IAG-IASPEI 2017

Presentation information

Oral

Joint Symposia » J05. Crustal dynamics: Multidisciplinary approach to seismogenesis

[J05-1] Crustal dynamics: Multidisciplinary approach to seismogenesis I

Tue. Aug 1, 2017 1:30 PM - 3:00 PM Room 501 (Kobe International Conference Center 5F, Room 501)

Chairs: Takeshi Sagiya (Nagoya University) , Kuo-Fong Ma (National Central University)

2:30 PM - 2:45 PM

[J05-1-05] Modeling deformation processes of the island arc crust and mantle during the postseismic period of the Tohoku-oki earthquake

Bunichiro Shibazaki1, Satoshi Miura2, Akemi Noda3, Takeshi Iinuma4, Takumi Matsumoto3 (1.International Institute of Seismology and Earthquake Engineering, BRI, Tsukuba, Japan, 2.Tohoku University, Sendai, Japan, 3.National Research Institute for Earth Science and Disaster Resilience, Tsukuba, Japan, 4.Japan Agency for Marine-Earth Science and Technology, Yokohama, Japan)
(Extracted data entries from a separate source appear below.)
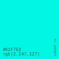 Цвет #02F7E3 в цветовой модели RGB обозначается тремя октетами (2, 247, 227) в десятичном формате и #02F7E3 в шестнадцатиричном (hex) формате, которые являются интенсивностью красного 2 (hex 02), интенсивность зелёного 247 (hex F7) и интенсивность синего 227 (hex E3).
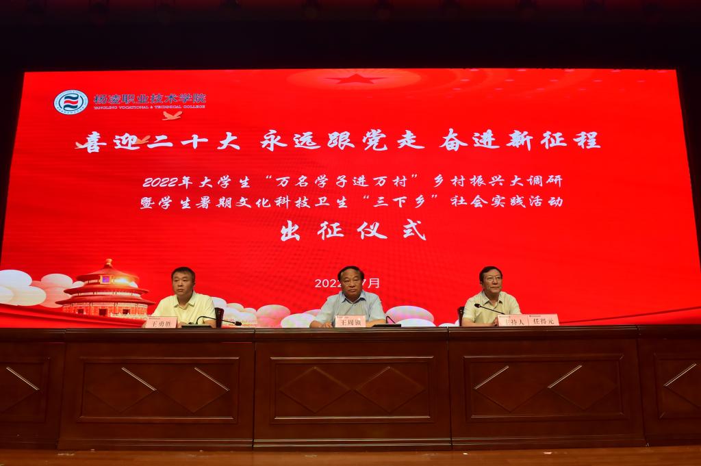 王勇胜在讲话中指出,暑期“三下乡”社会实践活动是广大青年学生“向实践学习,向人民群众学习”的重要载体,是培养广大青年学生历史使命感与社会责任感的重要途径。他希望,全体学生怀着青春的报国之心,在社会实践活动中树立起在基层建功立业的成才志向;怀着谦逊的学习之心,在社会实践活动中不断提高自身综合素质;怀着火热的志愿之心,在社会实践活动中为广大群众提供扎实有效的服务;怀着深厚的爱校之心,在社会实践活动中展现新时代杨职学子风采,努力成为理想远大、信念坚定的新青年,品德高尚、意志顽强的新青年,视野开阔、知识丰富的新青年,开拓进取、艰苦创业的新青年。
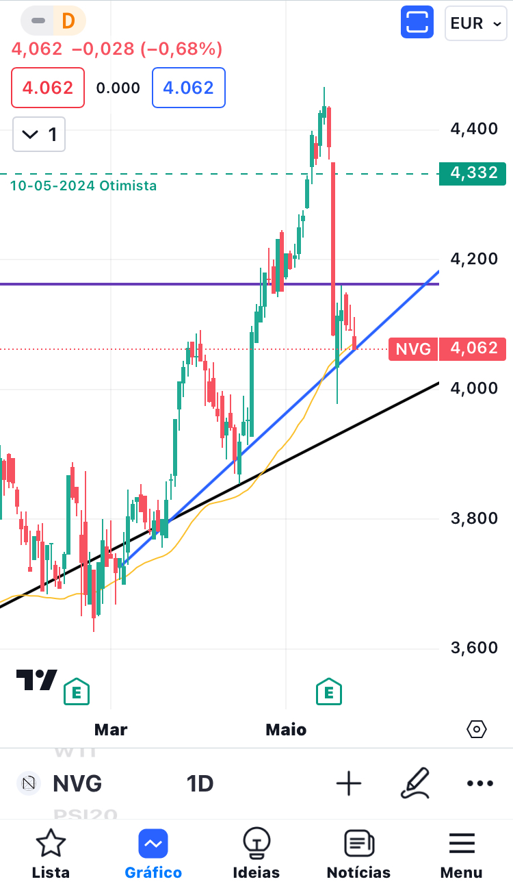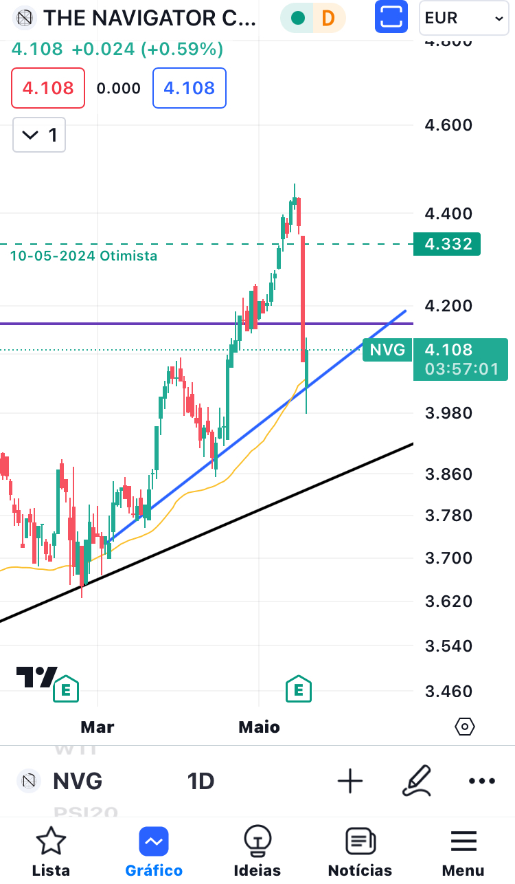Há 10 dias disse que estou otimista na The Navigator Company, mas na sexta feira teve uma boa queda. Hoje parece estar a reagir a uma linha de suporte. Talvez se aguente. É a linha azul no gráfico. As outras linhas são do gráfico mensal e não importam neste caso. Este é o gráfico diário.
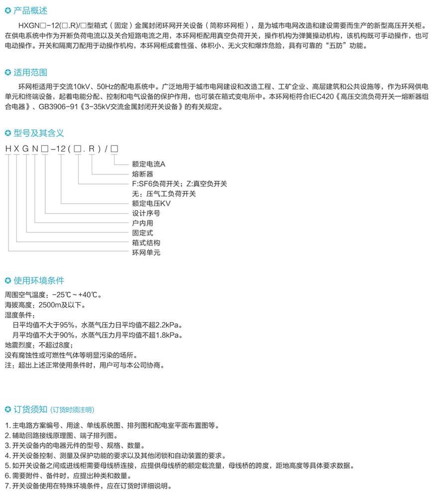 HXGN口-12(口.R)/口型箱式(固定)金屬封裝環(huán)網(wǎng)開關(guān)設(shè)備
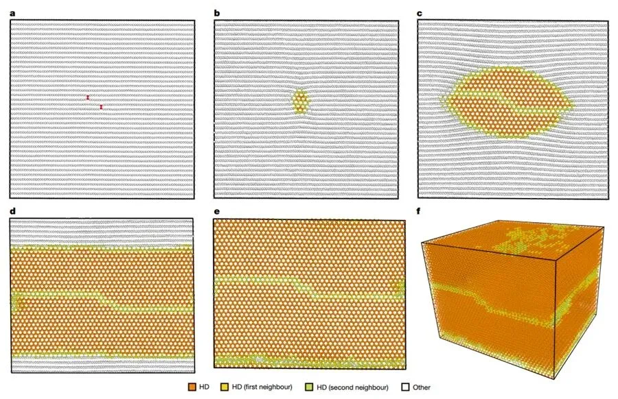 为揭示HOPG向六方金刚石的转变机制,作者采用基于GPU分子动力学(GPUMD)的神经等变势方法开展了大规模分子动力学模拟。模拟体系为边长10 nm的立方石墨模型,沿六方石墨[100]、[120]及[002]方向分别施加35、35和45 GPa的各向异性压力,并在1500 K温度下达到平衡。模拟结果表明,预先存在于石墨层间的共价键缺陷可作为优先成核位点,逐步演化为临界晶核,并最终形成纯度超过99%的六方金刚石相。层间共价键在此过程中发挥双重作用:一方面,其作为能量有利位点降低成核能垒,加速相变动力学过程;另一方面,通过抑制石墨层间的相对滑移,稳定ABAB堆垛序列,从而避免向立方金刚石等竞争相的转变。相比之下,完整单晶石墨因缺乏成核位点且能垒过高,其相变在动力学上难以实现;而无序石墨前驱体因层状结构褶皱,易发生层间滑移,最终生成的是立方金刚石而非六方相。上述模拟结果与实验观察到的微观结构特征及取向关系高度一致,证实了单轴应力与层间共价键在稳定六方堆垛结构中的决定性作用。

This paper investigates postseismic viscoelastic deformation in the island arc crust and mantle and postseismic slip of the Tohoku-oki earthquake considering the heterogeneous rheological structure. We first calculated the effective viscosity distribution of the Japanese island arc crust and upper mantle. Then, we calculated the viscoelastic deformation of the Japan island arc during the postseismic period of the Tohoku-oki earthquake considering the coseismic slip distribution obtained by our inversion analysis using a finite element method. After removing the viscoelastic deformation from the observed displacement data, we performed inversion analysis to obtain postseismic slip distribution. For calculation of the effective viscosity distribution of the Japanese island arc crust and upper mantle, we first considered the thermal structure obtained by dense geothermal observations from Hi-net boreholes (Matsumoto, 2007) and by Tanaka et al. (2004). The model could not reproduce well a postseismic strain anomaly (decreases in areal strain) along the volcanic front after the 2011 Tohoku-oki earthquake, which was found by Miura et al. (2014). Therefore, we considered local low viscosity region beneath volcanoes. In this case, a postseismic strain anomaly (decreases in areal strain) along the volcanic front can be reproduced. We also obtained postseismic slip by the inversion analysis. The results indicate large postseismic slip occurred below the deeper part of the coseismic slip region. We test several viscoelastic structures and report a model which explains well the postseismic deformation in the inland region of northeastern Japan.